You can confirm it by watching the drops. On the tunnel endpoint:
tcpdump -ni wg0 'ip[6] & 0x40 != 0 and ip[2:2] > 1420'
Sure enough, full-size frames with DF set, arriving, going nowhere.
The fix
The right fix, the load-bearing one, is to make TCP negotiate a sane segment size in the first place, so it never tries to send something too big. That's what MSS clamping does. You intercept the SYN packets and rewrite the maximum segment size option down to fit the tunnel:
iptables -t mangle -A FORWARD -p tcp --tcp-flags SYN,RST SYN \
-j TCPMSS --clamp-mss-to-pmtu
--clamp-mss-to-pmtu sets the MSS based on the outgoing interface MTU, so on the wg0 path it lands at 1380 (1420 minus 40 bytes of TCP/IP header). Once that rule was in place on both endpoints, the SYN handshake advertised a segment size that actually fit, TCP stopped trying to send oversized frames, and every stalled transfer started flowing. apt update completed. The repo cloned. The POST came back. No more black hole, because nothing tried to push a packet that needed the ICMP that nobody would deliver.

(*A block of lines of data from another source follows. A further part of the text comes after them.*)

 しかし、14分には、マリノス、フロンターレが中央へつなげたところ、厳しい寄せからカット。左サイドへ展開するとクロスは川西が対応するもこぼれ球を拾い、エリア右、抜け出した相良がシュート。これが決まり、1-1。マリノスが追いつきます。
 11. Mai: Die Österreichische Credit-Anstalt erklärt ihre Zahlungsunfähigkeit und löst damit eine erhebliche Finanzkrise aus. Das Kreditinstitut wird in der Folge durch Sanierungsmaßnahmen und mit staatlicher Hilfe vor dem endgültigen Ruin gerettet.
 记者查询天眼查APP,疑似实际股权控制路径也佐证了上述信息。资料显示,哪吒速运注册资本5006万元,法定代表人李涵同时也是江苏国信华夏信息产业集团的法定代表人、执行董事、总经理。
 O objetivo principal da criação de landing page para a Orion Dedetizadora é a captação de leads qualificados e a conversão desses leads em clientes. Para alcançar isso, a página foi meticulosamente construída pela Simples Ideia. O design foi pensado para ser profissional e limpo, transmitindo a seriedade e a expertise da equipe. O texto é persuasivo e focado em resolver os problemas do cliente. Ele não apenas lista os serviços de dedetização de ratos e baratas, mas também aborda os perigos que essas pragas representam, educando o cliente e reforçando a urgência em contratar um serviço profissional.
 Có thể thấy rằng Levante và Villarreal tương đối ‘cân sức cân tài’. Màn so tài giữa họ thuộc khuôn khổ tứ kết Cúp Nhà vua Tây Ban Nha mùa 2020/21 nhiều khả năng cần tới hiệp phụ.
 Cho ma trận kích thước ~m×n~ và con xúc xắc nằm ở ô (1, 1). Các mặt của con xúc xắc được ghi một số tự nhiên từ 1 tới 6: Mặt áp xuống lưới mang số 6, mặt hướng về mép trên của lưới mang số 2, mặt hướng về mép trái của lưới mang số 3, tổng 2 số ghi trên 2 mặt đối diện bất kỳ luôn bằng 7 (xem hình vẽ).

I also dropped the don't-fragment-relying paths a backstop by not blocking ICMP type 3 code 4 at our own firewalls, on principle, but the MSS clamp is what actually carried the day. PMTUD is a nice-to-have. MSS clamping is the thing that doesn't depend on the rest of the internet behaving.
The lesson, again
The frustrating part is that I know this. I've fixed this exact bug on GRE tunnels, on IPSec, on PPPoE links where the 8-byte overhead drops you to 1492 and ruins someone's Tuesday. Every encapsulation that shrinks the usable MTU sets the same trap, and every time the symptoms are identical: small works, large hangs, ping is clean, and you spend an hour suspecting the application before you remember to suspect the packet size.
So the heuristic, written down where I'll find it: if a connection completes its handshake but stalls on bulk transfer, and small requests succeed while large ones hang, stop debugging the application. It is the MTU. It is almost always the MTU. Send a big don't-fragment ping, find the real path MTU, and clamp the MSS to fit. Then go and have the tea you should have had three hours ago.